Dori, coprotagonista de Buscando a Nemo.

Entre Dory, la simpática coprotagonista de Buscando a Nemo, y Funes el memorioso, el personaje creado por Jorge Luis Borges, hay un larguísimo trecho, pero todos los golfistas han de situarse voluntariamente en uno u otro extremo a lo largo de una misma vuelta. El golf, a grandes rasgos, está basado en la repetición eficaz de una serie de movimientos, y para ello es imprescindible cultivar la llamada memoria muscular. Por otro lado, la memoria “cerebral” es necesaria para almacenar detalles, elaborar estrategias y asimilar información, pero el olvido también puede ser el aliado más fiel de un jugador.

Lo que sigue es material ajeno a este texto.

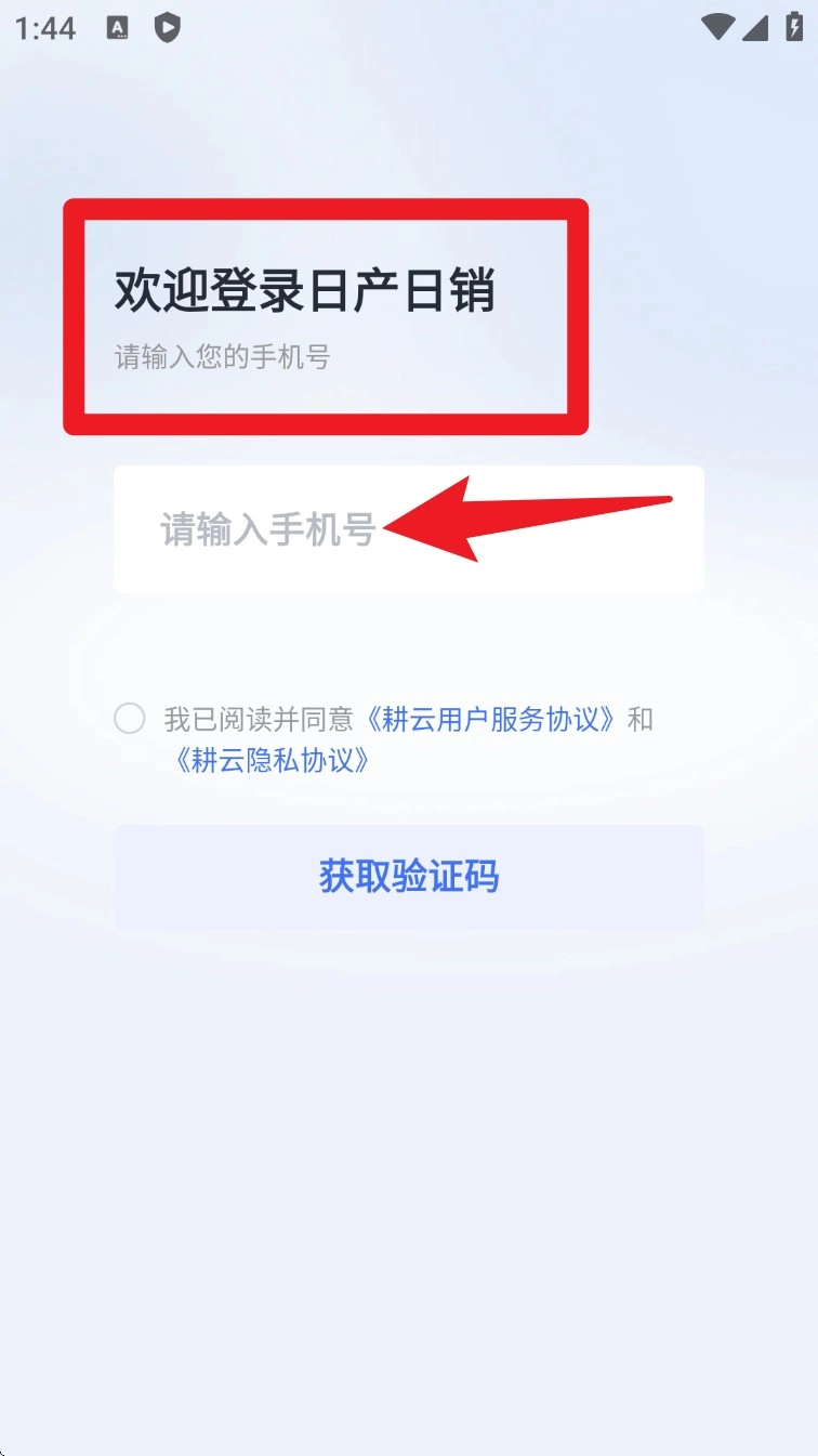 1. 打开 App 后输入手机号码并勾选协议,即可点击“获取验证码”完成注册与登录操作。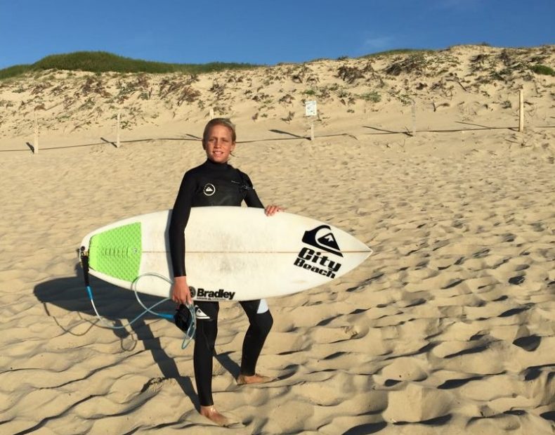 I fratellini Scoppa, 9 e 11 anni, ad Hossegor durante il Quiksilver Pro France per tifare il loro eroe Leonardo Fioravanti.
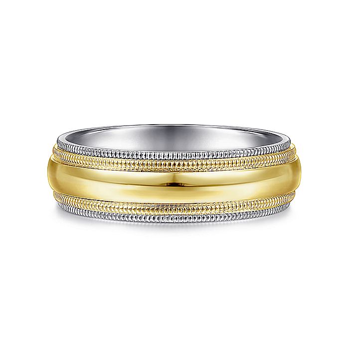 HOME / Gabriel & Co. MBH0173-60M4JJJ 14K White-Yellow Gold 6mm - Polished Center and Milgrain Edge Men's Wedding Band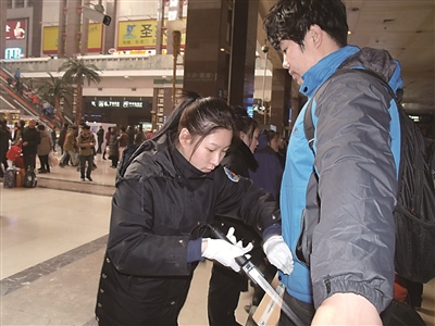 郭明津说:“我们属于北京站派出所管理,他们每天三班倒,每班有十几人,24小时都在安检。”记者看到,一会儿郭明津站着熟练地对每位旅客进行全身的检查,仔细观察着每一个经过扫描安检处理的包裹。有一个包裹有异常情况。她将这个包裹拿出来,把这个包裹的所有人叫到跟前询问,包裹有什么东西?打开包裹查看,确实发现了违禁物品。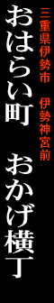 『おかげ横丁』名前の由来は?伊勢神宮・内宮の門前町で約300年商いを続けている「赤福」が、平成5年につくった横丁。長期間にわたって商いを続けられたのもお伊勢さんの「おかげ」という意味と、江戸時代に流行った「おかげ参り」が命名の由来とか。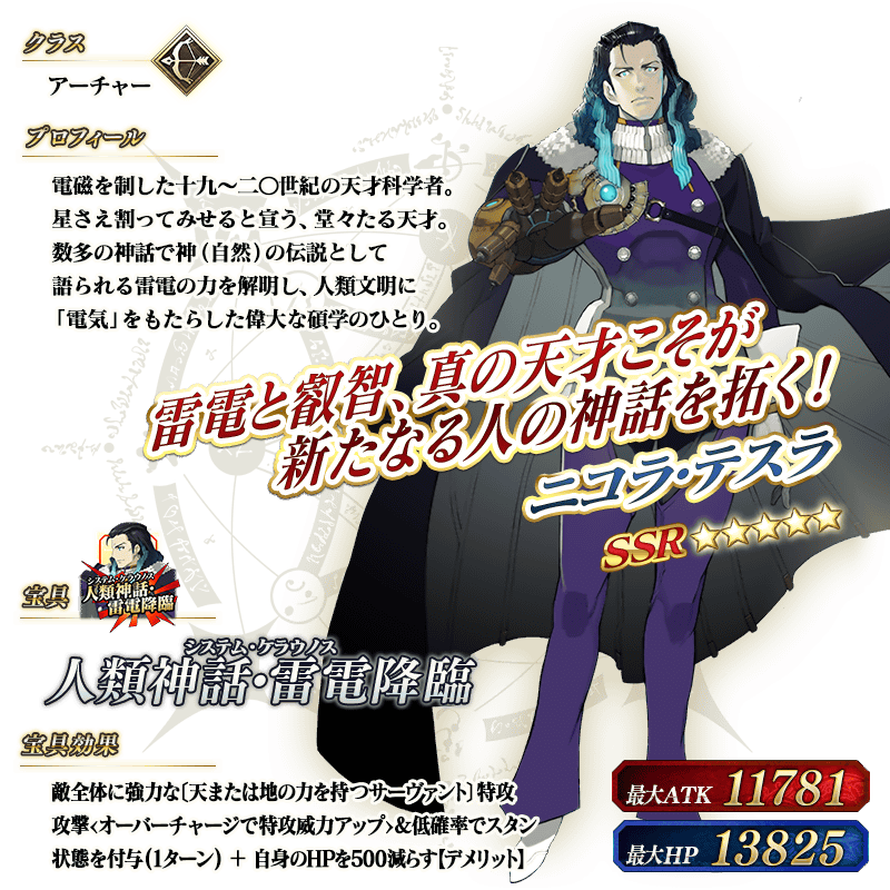 ※上記の「★5(SSR)ニコラ・テスラ」のイラストは霊基再臨第2段階のものです。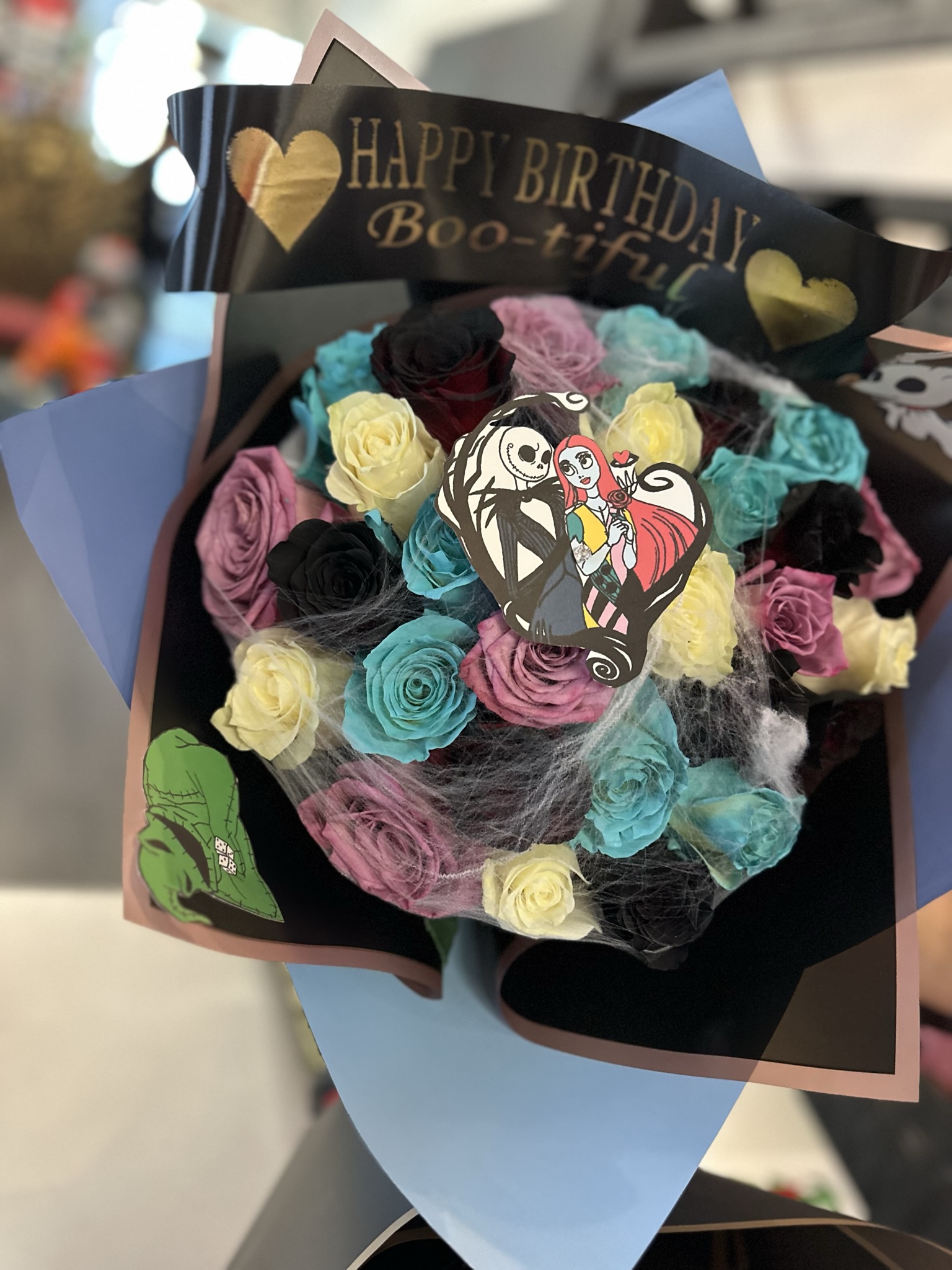 25 ROSE BOUQUET TEAL BLACK WHITE AND PURPLE ROSES WITH WEB AND "JACK AND SALLY" CUT OUT BANNER INCLUDED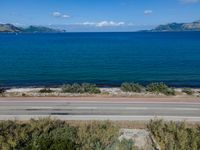 This aerial view photo showcases an elevated coastal road in Mallorca, Spain. The clear blue sky and clear waters of the ocean add to the magnificent landscape. In the distance, you can see the stunning mountains surrounding the area. A motorcycle is parked near the front, ready for a ride along the high asphalt road. This image perfectly captures the beauty of nature and the scenic charm of the Balearic Islands in Europe.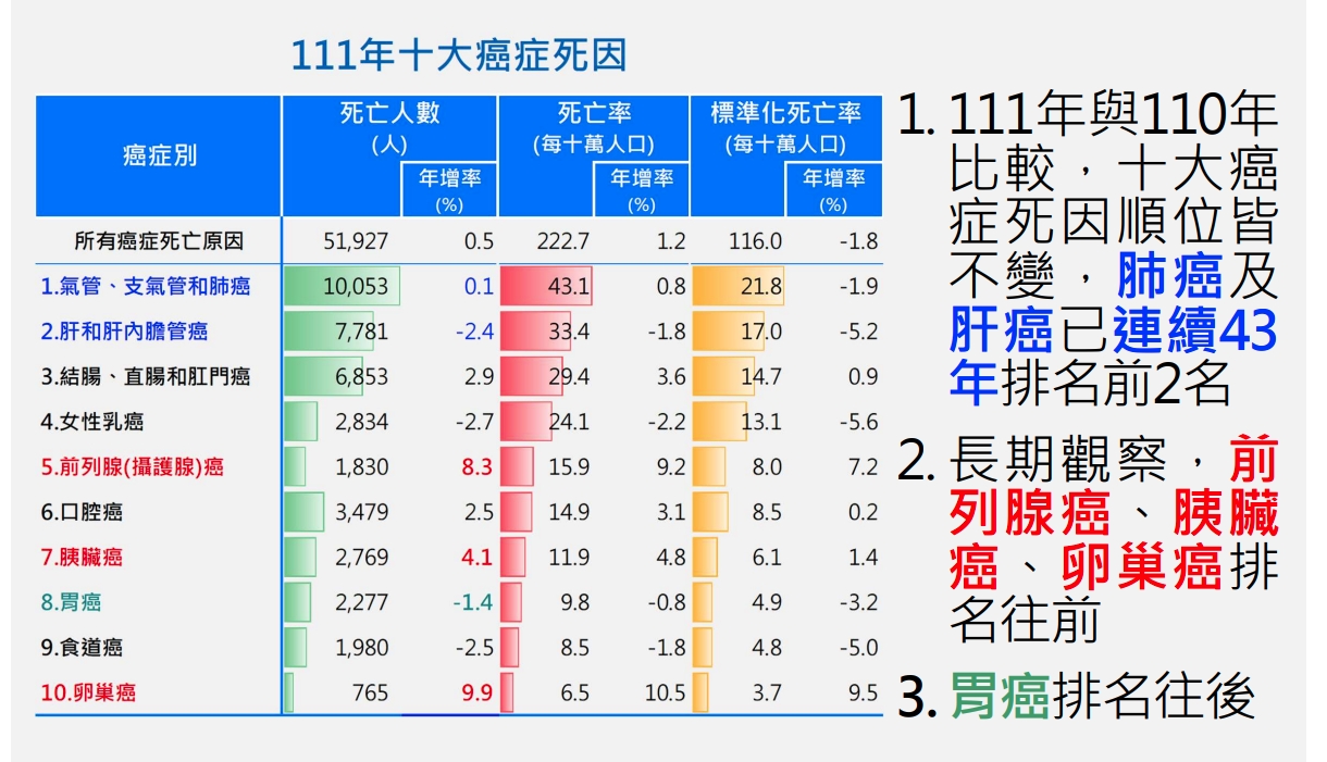 十大癌症死亡率第一大死因仍為肺癌,其餘排名順位跟去年相同。依序為「肝和肝內膽管癌」、「結腸、直腸和肛門癌」、「女性乳癌」、「前列腺(攝護腺)癌」、「口腔癌」、「胰臟癌」、「胃癌」、「食道癌」及「卵巢癌」。
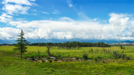 Picturesque green valley in sunlight against snowy mountain range under cloudy sky on summer or autumn day. Beautiful panorama of the Altai mountains, Siberia.

No me refiero a ese olvido que “sufren” los artistas del hurto voluntario o involuntario que solemos ver retrasando las partidas junto a los greenes en los torneos amateur mientras mueven el dedo de acá para allá haciendo cálculos mentales (¡Justin Thomas, gracias por unirte al club siquiera por un día!), sino a la capacidad de dejar atrás los errores y afrontar cada golpe como si fuera el primero. Además de crear a Funes, Borges también escribió una frase certera y aplicable al golf, aunque sospecho que el literato argentino se revolvería al ver el uso que he hecho de su aforismo: “el olvido es la única venganza y el único perdón”.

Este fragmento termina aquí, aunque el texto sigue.